Поскольку неэкологичная экономика не имеет права на существование, целесообразно развивать синтетическую дисциплину, включающую основы экономики, экологии и права. Такую науку целесообразно назвать эконологией. Можно утверждать, что исходные нормы права и принципы экономики должны вытекать из теории рационального природопользования. Новая образовательно-просветительная система должна ориентироваться на наднациональные ценности.

Одна из важнейших задач современной юриспруденции - разработать системно-логически безупречное правовое и законодательное обеспечение процесса освоения околоземного космического пространства. В этой области важнейшую роль будет играть интеллектуальное право.

Решение всего комплекса проблем будущего человечества требует осуществить очередной качественный скачок в развитии последнего. Сейчас много говорят о том, что таким скачком является информатизация. Но необходимо нечто большее: организация информационно-сотового гражданского общества с правовым государством в виде его подсистемы. Под последним понимается вовсе не то "правовое государство", в котором неукоснительно соблюдаются законы, а такой механизм управления обществом, который законодательно признаёт себя (т.е. государство) равнозначным субъектом права с "собственным" гражданином.

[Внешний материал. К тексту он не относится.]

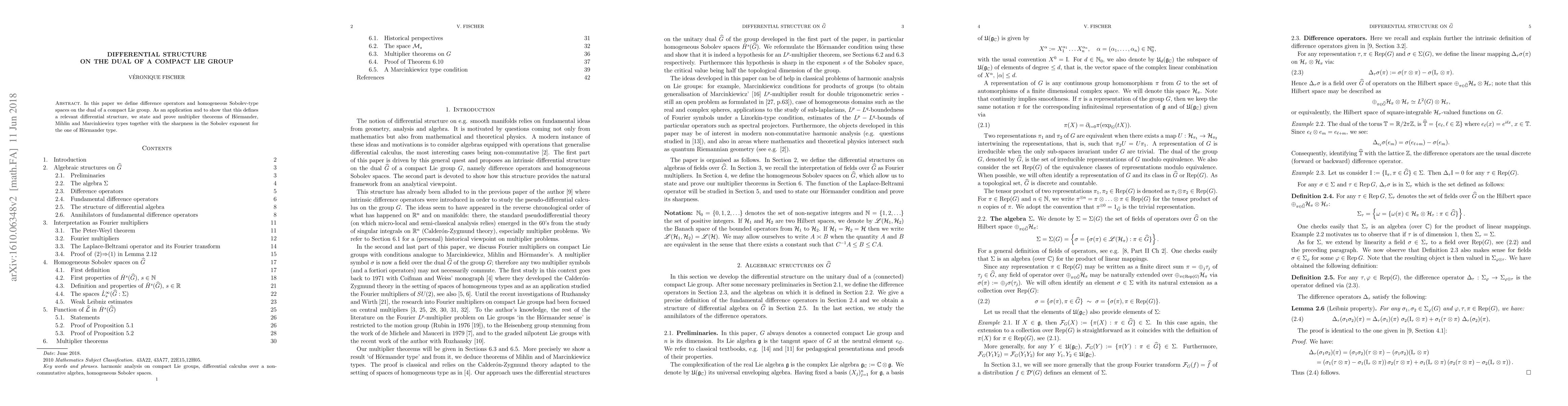 In this paper we define difference operators and homogeneous Sobolev-type spaces on the dual of a compact Lie group. As an application and to show that this defines a relevant differential structure, we state and prove multiplier theorems of H\"ormander, Mihlin and Marcinkiewicz types together with the sharpness in the Sobolev exponent for the one of H\"ormander type.

Система научных и массовых коммуникаций должна самоорганизоваться в первую ветвь механизма власти - концептуальную. Этой ветви общество доверяет определение конечных целей в развитии государства и общества в целом, оптимизацию путей к этим целям, определение всех условий и ограничений, налагаемых обществом на своё государство. Образно говоря, концептуальная власть разрабатывает все "направляющие косинусы" для законодательной ветви, определяет стратегию управления обществом. В стратегическом плане все остальные ветви государства (судебная, законодательная, исполнительная) подчиняются концептуальной власти. Президент (если эта государственная фигура будет признана полезной на всенародном референдуме) квалифицируется как глава исполнительной власти, причём последней законодательно запрещается какое-либо законотворчество (например, в виде "указов президента"). Оптимальными путями к конечным целям общества признаются только те, которые обеспечивают заданную вероятность достижения поставленной цели при наименьших возможных потерях в людях, невосполнимых природных ресурсах и в международном престиже. Главной целью экономики признаётся одновременное (т.е. не за счёт друг друга) удовлетворение на научно обоснованном уровне всех вещественных, духовных и экологических потребностей общества. Отвергаются такие критерии, как "валовой национальный продукт" и "национальный доход"; единственным интегральным критерием эффективности экономики признаётся средняя продолжительность жизни.